Three Key Parameters

name

Tool name identifier Claude uses to call your tool. Must match ^[a-zA-Z0-9_-]{1,64}$

description

Where intelligence lives. Guides Claude's adaptive decision-making. Aim for 3-4 sentences minimum—detail matters more than brevity.

input_schema

JSON Schema object defining expected parameters. Tells Claude what inputs this tool needs.

JSON Schema Essentials

Essential fields for defining tool parameters. Hover over each field to learn more:

type, properties, required, enum, description, additionalProperties, title, default

Check the examples below to see these fields in action

{
  "name": "get_stock_price",
  "description": "Gets the stock price for a ticker.",
  "input_schema": {
    "type": "object",
    "properties": {
      "ticker": {
        "type": "string"
      }
    },
    "required": ["ticker"]
  }
}

❌ Too brief. Claude doesn't know when to use it, what it returns, or what constraints exist.

{
  "name": "get_stock_price",
  "description": "Retrieves the current stock price for a given ticker symbol. The ticker symbol must be a valid symbol for a publicly traded company on a major US stock exchange like NYSE or NASDAQ. The tool will return the latest trade price in USD. It should be used when the user asks about the current or most recent price of a specific stock. It will not provide any other information about the stock or company.",
  "input_schema": {
    "type": "object",
    "properties": {
      "ticker": {
        "type": "string",
        "description": "The stock ticker symbol, e.g.

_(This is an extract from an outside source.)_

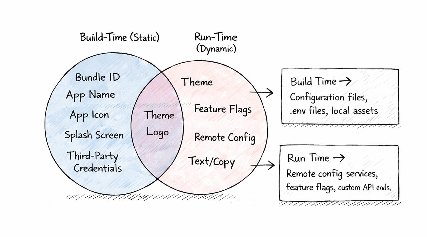 Here’s the key insight: anything that can be dynamic can also be static. You can always hardcode a value that you’d otherwise fetch remotely. But the reverse isn’t true — you can’t change a bundle ID or an app icon at runtime. The store won’t let you.

AAPL for Apple Inc."
      }
    },
    "required": ["ticker"]
  }
}

✓ Detailed description explains: what it does, when to use it, what it returns, and constraints.

{
  "name": "get_weather",
  "description": "Get the current weather in a given location. Retrieves real-time weather data including temperature, conditions, and forecast. Use this when users ask about current weather, temperature, or weather conditions for any location worldwide. Returns data in either Celsius or Fahrenheit based on the unit parameter.",
  "input_schema": {
    "type": "object",
    "properties": {
      "location": {
        "type": "string",
        "description": "The city and state, e.g. San Francisco, CA"
      },
      "unit": {
        "type": "string",
        "enum": ["celsius", "fahrenheit"],
        "description": "The unit of temperature, either 'celsius' or 'fahrenheit'"
      }
    },
    "required": ["location"]
  }
}

📚 Demonstrates optional parameters and enum constraints for controlled inputs.

Claude requests tools via tool_use blocks. Your server executes them: mapping tool names to functions, validating inputs, and formatting results. This execution layer is pure engineering—error handling, timeouts, and logging all live here.

The basic pattern:

# 1. Define tool schemas (sent to Claude)
tools = [{
    "name": "search_web",
    "description": "Search the web for information",
    "input_schema": {
        "type": "object",
        "properties": {"query": {"type": "string"}},
        "required": ["query"]
    }
}]

# 2. Define executors (run on your server)
async def search_web_execute(tool_use):
    query = tool_use["input"]["query"]
    results = await search_api(query)
    return f"Found: {results}"

executors = {"search_web": search_web_execute}

# 3. Execute requested tools
for block in response.content:
    if block["type"] == "tool_use":
        executor = executors[block["name"]]

        try:
            result = await executor(block)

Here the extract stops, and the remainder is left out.